Fr Dominic
Parish Priest

When we look at the crib everything looks so pretty, so peaceful, so orderly. Not a cry is heard from the child, not a sound from the donkey or the oxen, not a smell of any kind. The straw is clean. With our inward ear we hear the singing of the angels and when we look up we see the star which led the Magi to Bethlehem.
This is pretty, and we might want to believe it. But we know it is not real. It is not true. It is a false picture. Everything was not as neat and pretty as that. The first Christmas was as full of hurry and worry as our Christmas is. It was full of uncertainty, disappointment and fear. It was no picnic for Mary and Joseph. It was more like an ordeal, perhaps even a nightmare. They had just completed a long difficult journey. They arrived in Bethlehem, poor, unknown, and without influence of any kind. They were unable to find accommodation. When the time came for Mary to give birth there was no one to assist.
It is too easy to move away from the poverty of the original crib. We have a tendency to pretty up the Christmas story, But, in doing that we remove it from us. We empty it of much of the meaning it carries for us.

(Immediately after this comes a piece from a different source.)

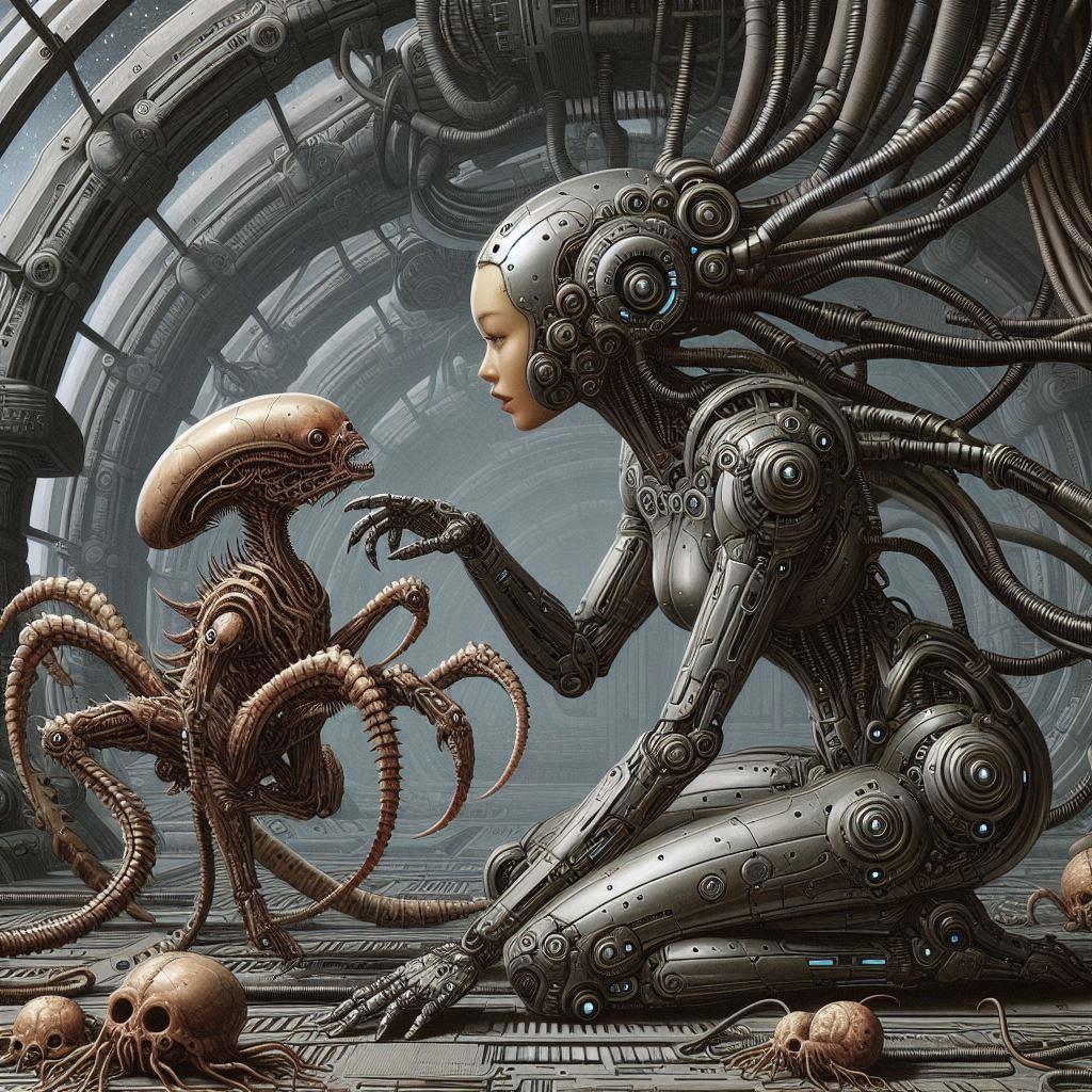 В промте и ползвука не было о Гигере, честное слово! Личное её творчество. Так я узнал, что Бинге нравится Гигер - и что мультяшной милоты с этим конкретно промтом мне от неё не видать, при том, что вообще-то Бинга может делать очень милое. Но сама идея роботов и инопланетян представляется ей пугающей - и контраст между роботом с Земли и существами из космоса Бинга как-то сгладила, почти уничтожила. И девочка, и инопланетянин выглядят почти одинаково чуждыми:

It was St. Francis of Assisi who assembled the first crib in a cave on an Italian hillside in the year 1223. His aim was to make the Christmas story come alive for the local people. His idea was to show them how close it was to them and their lives. He succeeded. On Christmas Eve the friars and the people assembled with candles and torches around the crib. Francis spoke to the people who were mostly farmers and shepherds about God’s Son coming among them to teach us that we too are children of God and that as such we have an eternal destiny. The shepherds and farmers got the message: God had time for simple folks like them. At then end of the vigil they all returned to their homes full of peace and joy, feeling vey close to God and to each other.